The months-long conflict in Ukraine has caused significant disruption to global oil shipping routes which lead to a spike in crude oil prices that boosted the global demand for oilfield services, the CEO of Dubai-based tanker operator and oil trader Oilmar told Al Arabiya English on Monday.
Weighing in on the impact the conflict has had on the global shipping sector, Oilmar CEO Yusif Mammadov said in an interview with Al Arabiya English that due to the sanctions imposed by Western powers on Russia, the sector has witnessed many changes.
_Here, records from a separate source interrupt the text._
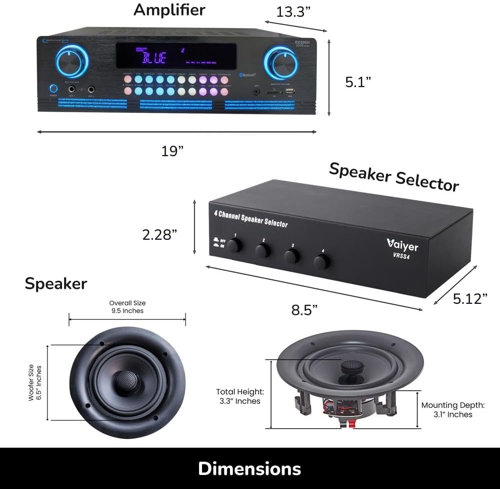Specification: Home Theater System Kit – 2000 W Bluetooth Amplifier w/ 8 Qty of 6.5″ Frameless Ceiling Speakers 200 W Each, 4-Ch Speaker Selector, 500 ft Speaker Wire & Remote for Home, Office, Bar – Vaiyer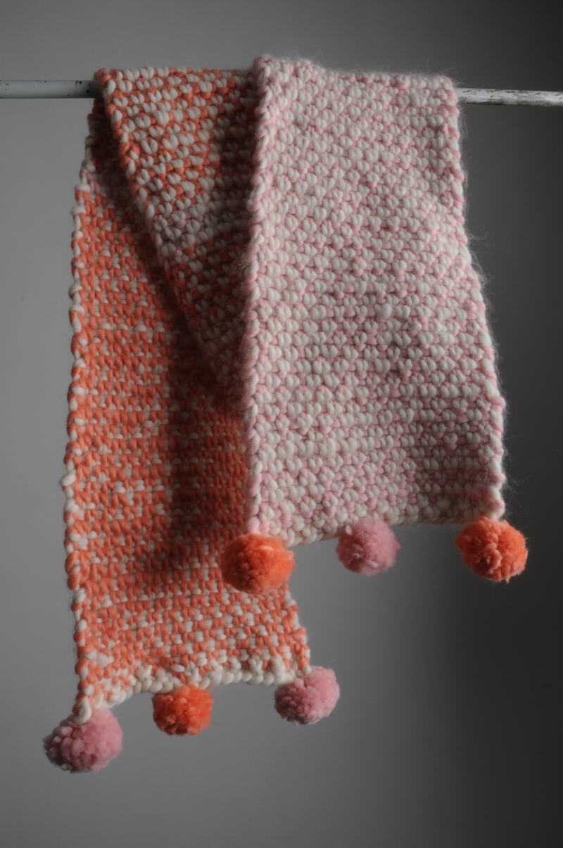 Super simple, but a little bit complicated to describe and explain! I’ve wanted to be able to work colour and texture into a design for some time and could never quite get it to work, other than using brioche, which I admit is lovely, but isn’t quite what I was after. I’m really pleased with this though which is extremely textured! The way it is made means that you almost get a woven-like fabric – almost not knitting at all! It is worked using the ‘double knitting’ technique. Usually used in a rib to give completely reversed stitches on the two sides of your work, here I done it in moss (seed) stitch to create really distinct stitch shapes and textures. The scarf is reversible too which I think is a must for any scarf really. I’ve worked this using two separate contrast colours, you could of course use the same contrast throughout in which case you’ll need 2 skeins of the contrast.
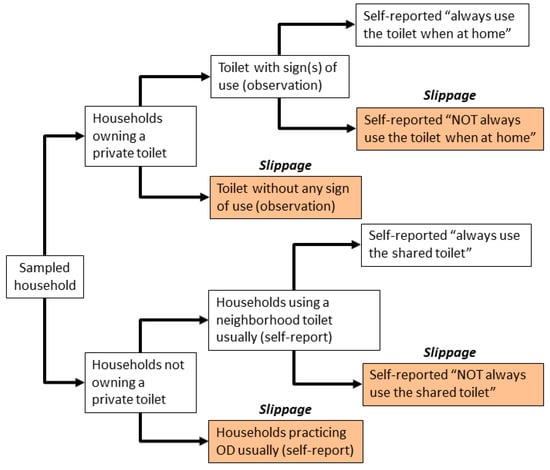 - Sinha, A.; Nagel, C.L.; Thomas, E.; Schmidt, W.P.; Torondel, B.; Boisson, S.; Clasen, T.F. Assessing latrine use in rural India: A cross-sectional study comparing reported use and passive latrine use monitors. Am. J. Trop. Med. Hyg. 2016, 95, 720–727. [Google Scholar] [CrossRef] [PubMed]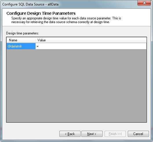 I managed to realize that I was missing a part in my SQL query in where condition (WHERE column = @column). But now I have problems in "Configure Design Time Parameters" window, I'm getting error trying to convert "String" to "DateTime".

“A rise in upstream activity as crude prices surged above $100 a barrel this year has bolstered demand for oilfield services, including drilling wells, and buoyed prospects for a sector battered during the coronavirus pandemic-induced oil crash of 2020,” Mammadov explained.
“We are noticing an increase in drilling of proven reserves, as well as exploratory drilling throughout the world triggered by an increase in oil prices.”
This forced Russia to re-direct its volumes from Primorsk, Ust-Luga and Novorossiysk ports offloading to India and China, as the stems were offered at a great discount.
During the first quarter of 2022 and before the conflict in Ukraine – which began on February 24 – India imported REBCO at a rate of 40,000 barrels per day while China imported 750,000 barrels per day. India then ramped up the seaborne volume to 850,000 barrels per day after the conflict while China increased its import capacity to 1.1 million barrels per day.
“The volume of seaborne Russian Export Blend Crude Oil (REBCO or Urals) to Europe decreased but still represents a significant grade of crude oil in European refineries’ portfolios,” he said.
“Russia exported 190,000 metric tons per day from January until February 2022. During the period between March and July 2022, the volume of export made up 100,000 metric tons per day.”
The price of oil is largely driven by supply and demand and historically, extremely high oil prices were usually directly influenced by conflict or geopolitical tensions, especially when an oil-producing country, like Russia, is involved.
“Since February 2022 when conflict began, we actively started to research the market [to] forecast new demands in order to observe new potential shipping routes,” the CEO said.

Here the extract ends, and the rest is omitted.